Police from more than 10 European countries have arrested 75 people throughout Europe involved in smuggling people from Iraq and other countries into northern Europe, French officials said.
 
Some 1,300 police officers from 10 countries were involved in the sweep, dubbed Operation Baghdad.
 
Investigators believe hundreds of people have been smuggled from Iraq, Afghanistan and elsewhere to Britain and Scandinavia.
 
Nearly a third of the arrests were made in France on Monday.
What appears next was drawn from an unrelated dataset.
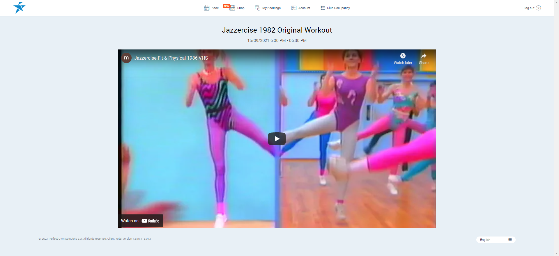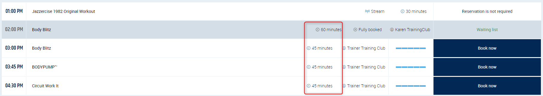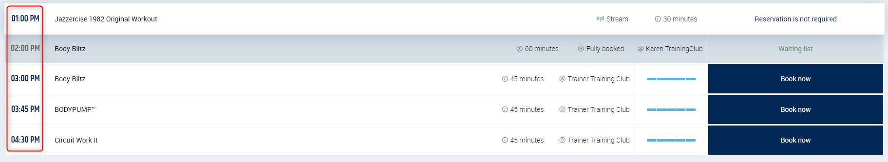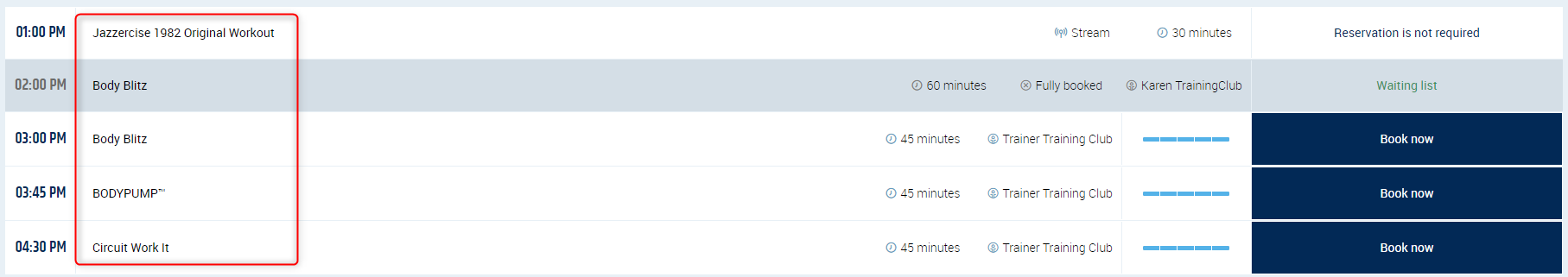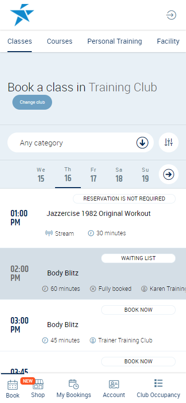This is where the club member can book or cancel a class. This may also specify if the class is full, has a waiting list, reservation is not required to book or if its too early/late to book.

Other countries involved in the sweep were Belgium, Britain, Denmark, France, Germany, Greece, Holland, Ireland, Norway and Sweden.
 
The smuggled immigrants were mostly Iraqi Kurds but also included nationals from Afghanistan, Bangladesh, Iran, China and Turkey.
 
French and German authorities said those smuggled paid between $9,300 and $21,000 to be taken to Europe.
 
The smuggling network was operated by men of various nationalities, many of whom were of Middle Eastern descent.
 
The latest sweep is just a drop in the ocean in the illegal human smuggling industry, Jonathan Martens, from the International Organization for Migration’s migration management services department, told The Media Line.
 
“We’ve seen large volumes of people smuggled from Africa to Europe. There are regular boatloads of people from the Horn of Africa to the Middle East. This is a global phenomenon,” Martens said.
 
Over the past few years dozens of Africans have perished at sea after illegal smugglers charged excessive sums of money to take them on rickety boats to Yemen. Often the smugglers throw them off the boat before they reach the shore and leave them to die at sea.
 
Martens said that on a global level, many people who are smuggled have an education of some sort. They are exposed to the developed world through modern media and take advantage of illegal smuggling networks to realize their ambitions abroad, he explained.
 
If the country of origin is not a country of conflict and the national cannot file an asylum claim, the IOM’s position is that people should seek legal channels to migrate so as not to rely on smuggling networks.